EXERCISE DETAILS: What is needed is the exact text of each line in the listing below from the one with "Источник вторичного электропитания" up to and including the one with "Poodle Stainless Steel", and no pictures.

SUPPLIED MATERIAL:
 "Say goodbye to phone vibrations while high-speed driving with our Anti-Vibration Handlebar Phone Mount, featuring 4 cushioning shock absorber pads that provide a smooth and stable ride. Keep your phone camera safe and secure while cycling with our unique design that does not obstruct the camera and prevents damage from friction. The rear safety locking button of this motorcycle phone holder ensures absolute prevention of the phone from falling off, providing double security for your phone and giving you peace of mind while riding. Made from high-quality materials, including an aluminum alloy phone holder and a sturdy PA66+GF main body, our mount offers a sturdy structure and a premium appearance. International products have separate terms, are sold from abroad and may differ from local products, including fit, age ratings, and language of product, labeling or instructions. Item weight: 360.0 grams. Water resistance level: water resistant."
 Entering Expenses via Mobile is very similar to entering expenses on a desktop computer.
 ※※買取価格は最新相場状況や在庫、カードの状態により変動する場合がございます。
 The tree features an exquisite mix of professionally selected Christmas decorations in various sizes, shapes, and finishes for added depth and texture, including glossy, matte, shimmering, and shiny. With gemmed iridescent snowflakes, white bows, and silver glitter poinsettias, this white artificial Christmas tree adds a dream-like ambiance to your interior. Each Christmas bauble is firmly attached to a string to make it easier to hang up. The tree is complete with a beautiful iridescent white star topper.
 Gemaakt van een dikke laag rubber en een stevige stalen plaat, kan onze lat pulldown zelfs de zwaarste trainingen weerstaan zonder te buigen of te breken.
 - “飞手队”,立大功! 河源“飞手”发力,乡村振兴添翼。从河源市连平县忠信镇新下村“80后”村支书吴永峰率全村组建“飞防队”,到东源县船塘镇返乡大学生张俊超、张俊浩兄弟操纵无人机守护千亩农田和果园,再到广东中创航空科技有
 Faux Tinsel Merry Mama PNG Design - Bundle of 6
---
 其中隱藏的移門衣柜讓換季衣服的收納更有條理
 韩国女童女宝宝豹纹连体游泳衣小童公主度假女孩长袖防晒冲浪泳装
...
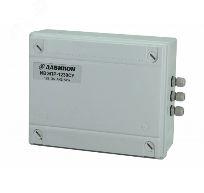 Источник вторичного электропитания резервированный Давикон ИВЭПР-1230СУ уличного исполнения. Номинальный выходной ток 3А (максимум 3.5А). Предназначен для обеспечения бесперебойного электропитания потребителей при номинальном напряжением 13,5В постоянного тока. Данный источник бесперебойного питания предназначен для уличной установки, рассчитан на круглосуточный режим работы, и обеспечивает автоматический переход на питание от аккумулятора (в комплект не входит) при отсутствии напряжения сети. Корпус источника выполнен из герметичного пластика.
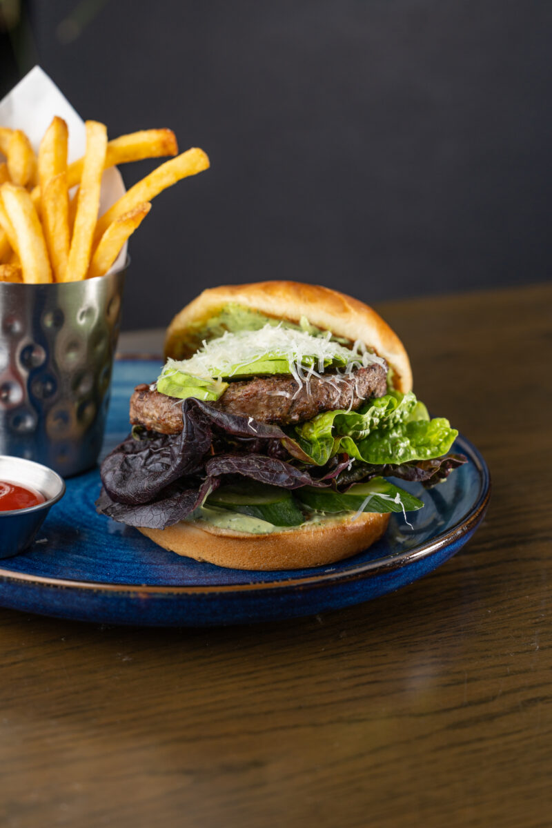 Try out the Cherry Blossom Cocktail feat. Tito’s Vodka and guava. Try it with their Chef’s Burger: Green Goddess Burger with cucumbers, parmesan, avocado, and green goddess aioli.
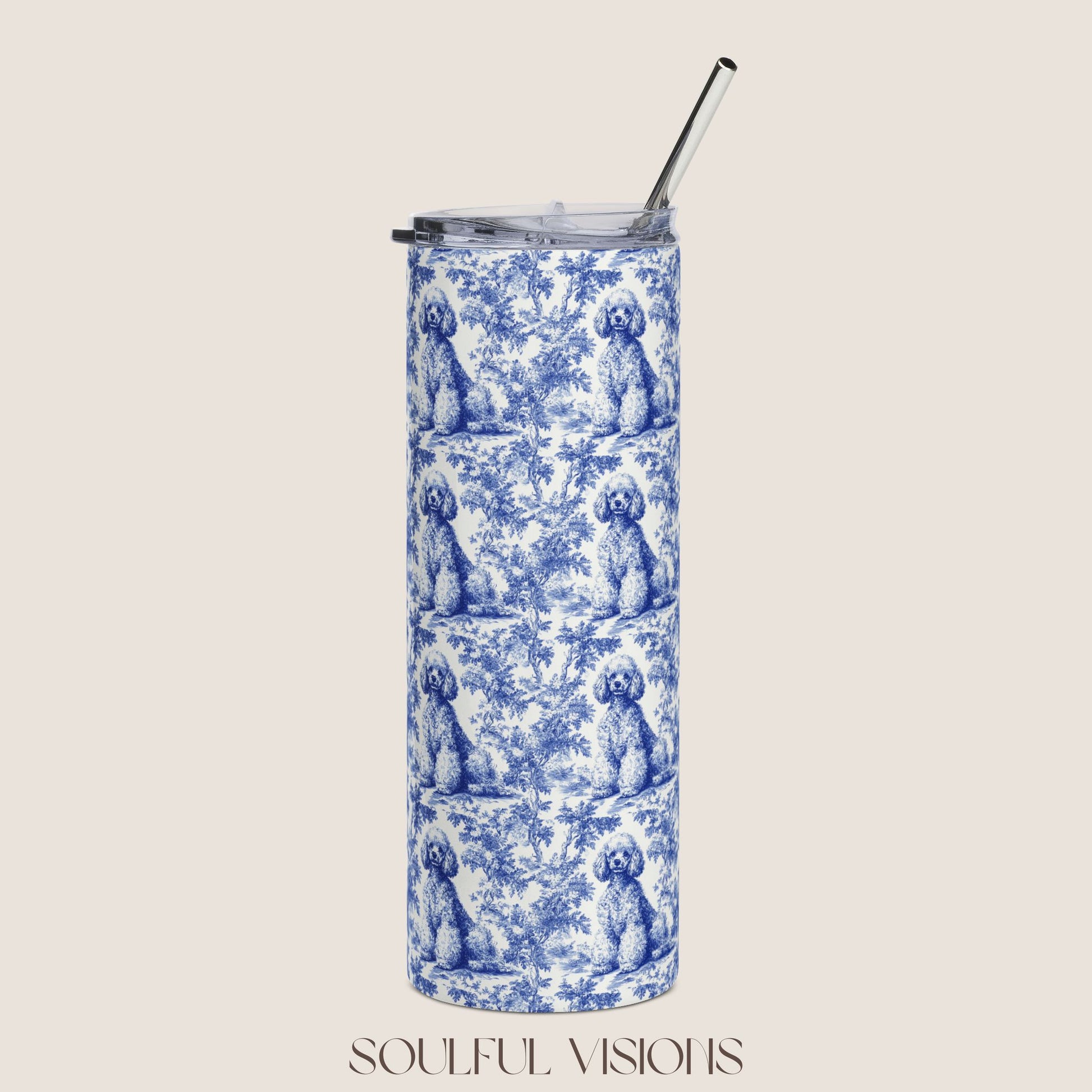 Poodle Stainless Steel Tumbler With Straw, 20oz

EXERCISE OUTPUT:
 Источник вторичного электропитания резервированный Давикон ИВЭПР-1230СУ уличного исполнения. Номинальный выходной ток 3А (максимум 3.5А). Предназначен для обеспечения бесперебойного электропитания потребителей при номинальном напряжением 13,5В постоянного тока. Данный источник бесперебойного питания предназначен для уличной установки, рассчитан на круглосуточный режим работы, и обеспечивает автоматический переход на питание от аккумулятора (в комплект не входит) при отсутствии напряжения сети. Корпус источника выполнен из герметичного пластика.
 Try out the Cherry Blossom Cocktail feat. Tito’s Vodka and guava. Try it with their Chef’s Burger: Green Goddess Burger with cucumbers, parmesan, avocado, and green goddess aioli.
 Poodle Stainless Steel Tumbler With Straw, 20oz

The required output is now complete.